Röntgen (right), with Edvard Grieg (left of picture) Percy Grainger, and Nina Grieg, at "Troldhaugen", July 1907.

In 1924 Röntgen retired from public life. He moved to Bilthoven, a small village near Utrecht. His son Frants, who followed a career in architecture, designed for him the country house Gaudeamus. The unusual round music room in that house was constructed in such a way that its floor did not touch the ground, but hung from the ceiling. During the last eight years of his life Röntgen wrote about 100 compositions, mostly chamber music and songs. Gaudeamus became a meeting place for many important composers and musicians; among the visitors in that house were Pablo Casals and Percy Grainger. At that time, Röntgen studied musical analysis and was interested in the work of Hindemith, Stravinsky, Schönberg, and Willem Pijper.

In 1930 Röntgen received an honorary doctorate from the University of Edinburgh, where his friend Donald Tovey was professor. During this visit Tovey performed a new Röntgen symphony with the Reid Orchestra and Röntgen was the soloist in his most recent two piano concertos in the same programme. Two years after Röntgen's death, Tovey described him as "one of the greatest masters of absolute music I have ever known". After Second World War the villa Gaudeamus became the seat of the Gaudeamus society, whose aim is to promote contemporary Dutch music.

==Death==
Röntgen died in a hospital in Utrecht, Netherlands on 14 September 1932. His last work, a piano quintet (his third for piano and strings, in G major) subtitled Sentendo nuova forza, is dated 5 July of that year.

==Works==
Julius Röntgen's works include 25 symphonies, concertos (7 piano concertos, 3 violin concertos, 3 cello concertos, other concertos), as well as numerous chamber, piano and vocal works. He also completed Grieg's unfinished String Quartet No. 2.

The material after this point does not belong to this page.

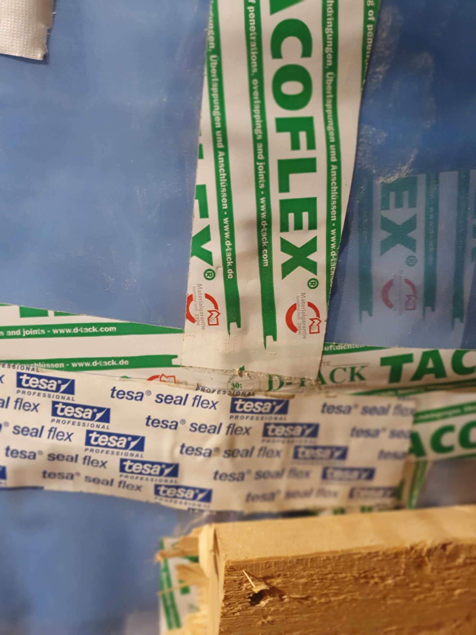 Kostar man på med åldersbeständig plast ska man väl inte snåla på tejpen. Dålig tejp släpper med tiden och då har man ingen ångspärr längre.

Röntgen also harmonized and arranged traditional Dutch melodies used as hymn tunes. One such hymn tune is entitled "In Babilone". It can be found as hymn number 325 "The United Methodist Hymnal" (C) 1989 The United Methodist Publishing House, Nashville, TN. In the Methodist hymnal his name is spelled Roentgen but the tune is the same and dates correlate with the time of his work. The same hymn tune can be found as hymn numbers 502, 508 and 649 in the "Celebrating Grace" hymnal (C) 2010 Celebrating Grace, Inc, Macon, GA.